Помахал руками, поприседал, с гантелями поупражнялся. Душ, бритье. Ставит чайник. Вода вскипает, заливает кипятком крутым овсянку, каша готова в минуту. Каплю молока обезжиренного – для вкуса. А какой вкус у такого молока… Меда сверху столовую ложку, кое-как в горло лезет. Запивает чаем, глотает таблетки, три штуки. Все, можно ехать.

Листьев за вечер и ночь ноябрьскую попадало изрядно. Кленами вся улица обсажена. Красивые листья. «Тойота» его словно в маскхалате. Жалко сметать. Включает кассету с григовским концертом, убавляет звук. В путь.

Езды в госпиталь без трафика минут сорок. В такую рань «пробок» не бывает обычно. Только если нахайвэе авария. И чего он вспоминает американскую учебу свою? С какого бока? Не любит ее вспоминать. Никогда, ни раньше, ни потом, не испытывал такого напряжения. Год всего, а казалось, вечность. Кэролайн – высокая, поджарая, с крупными чертами лица и рыжими волосами, явно выраженный англосаксонский тип. Выражение лица вежливо-бесстрастное. На любителя. Про таких говорят: не баба, а конь с яйцами. Не замужем. Наверное, многажды ловила на себе заинтересованные взгляды мужиков – в отличие от него курсантам (курсистам?) около тридцати или немногим больше. Равнодушно-невидяще в ответ. Так смотрят на один и тот же примелькавшийся, надоевший до чертиков пейзаж за окном. Курсанты (курсисты?) ее не интересуют. А может, лесбиянка? Интересно, работает Кэролайн там же, на 59-й улице, между 6-й и 7-й авеню, в Институте вспомогательных медицинских профессий, или ушла? Солидное помещение, прекрасная мебель, швейцар у входа, окна на Центральный парк смотрят. Помогает Кэролайн оформить ему заем в банке на семь тысяч под проценты. Пятьсот платит он сразу – задаток. Заем на десять лет, начнет выплачивать через полгода, после окончания курсов. Таковы правила. Найдет работу, не найдет – никого не волнует. Кэролайн всем говорит: «Мы трудоустраиваем». Черта лысого. Никто никого здесь не трудоустраивает.
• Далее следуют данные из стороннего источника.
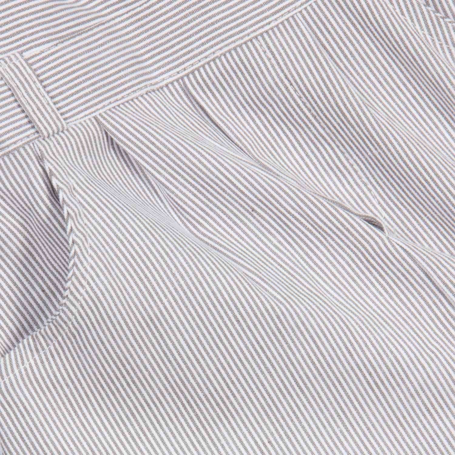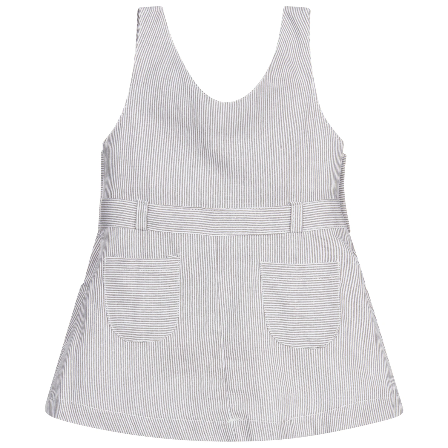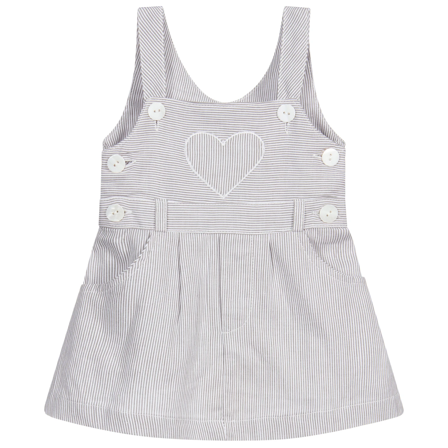 Sweet grey and white striped pinafore dress for baby girls by Malvi & Co. Made in lightweight cotton, it has a heart design on the front. There are pockets on the front and back, belt loops on the waist and button fastenings.

Чем напряженней напряжение… Встает каждое утро в шесть, на сабвэе с двумя пересадками из Бруклина в Манхэттен, на Амстердам-авеню, в госпиталь. В восемь как штык на месте. Вначале на побегушках, потом к технике приставляют. Единственно, инъекции делать не разрешают, остальное – то же, что и технолог с лайсенсом. Смену оттрубит – ив другой госпиталь, лекции слушать. На английском. С большим трудом дается, даром что языковые курсы в Москве закончил и частные уроки брал. К полуночи измочаленный домой возвращается. И так весь год.
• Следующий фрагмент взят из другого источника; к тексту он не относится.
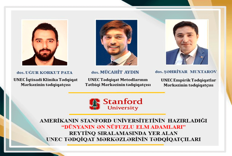 Dünya elm adamlarının fəaliyyətinin qiymətləndirilməsi məqsədilə hazırlanan siyahıda UNEC-in İqtisadi Klinika Tədqiqat Mərkəzinin tədqiqatçısı dos.Uğur Korkut Pata, Tədqiqat Metodlarının Tətbiqi Mərkəzinin tədqiqatçısı dos.Mücahit Aydın və Empirik Tədqiqatlar Mərkəzinin tədqiqatçısı dos. Şəhriyar Muxtarov da yer alıblar.

Банкет по случаю окончания курсов в роскошном ресторане манхэттенском. Шведский стол, выпивка в неограниченном количестве, между прочим, съеденное и выпитое им, Костей Ситниковым, примерно на сто баксов, заранее включено в стоимость учебы, в тот самый заем. На банкете впервые видит он всех выпускников из всех групп. Ни одного урожденного американца. Индусы, латиносы, азиаты, а вот и наши, русские, рюмками с водкой чокаются. Русских, на глаз, больше половины. Американцы боятся радиации, потому и не идут на курсы такие, так Костя думал раньше. Начал работать и понял: не потому не идут, что радиации боятся, а потому, что профессия непрестижная, платят сравнительно немного. Платили бы хорошо, валом повалили бы, наплевав на рентгены.

Стоп! Забыл результат лотереи взять. Теперь останавливаться возле киоска газетного придется. Можно, конечно, и вечером за результатом заехать или «Пост» купить с выигрышными номерами. Но кайфа не будет. А кайф весь в том, чтобы тихо и как бы незаметно, интригующе, с чувством победителя – а может, новый миллионер идет, почем вы знаете?! – войти в киоск и небрежно этак, без какой-либо заинтересованности особой спросить пакистанца (киоски только они и держат): I need a result, please (Мне нужен результат). Тот не переспросит, какой результат надобен, понятно ему, какой, стукнет по клавишам машинки, оттуда листочек выпорхнет. Теперь отойти на шаг-другой от прилавка, стать спиной к пакистанцу, приблизить к глазам прямоугольный клочок розовато-желтой бумажки с колонкой из шести заветных цифр и чуть ниже – с бонусом, в долю секунды сравнить с комбинациями купленного накануне билета и… И глубоко вздохнуть, в огорчении головой качнуть – повезет в следующий раз. А вечером заскочить, целый день маясь: вдруг свершилось, а я ничего не знаю, не ведаю, или в газете прочитать на ланче – нету кайфа. Знобкого нетерпения, куражного предчувствия – нету. Что наша жизнь? Игра. Впрочем, про кайф он придумал – нету никакого кайфа, играет без завода…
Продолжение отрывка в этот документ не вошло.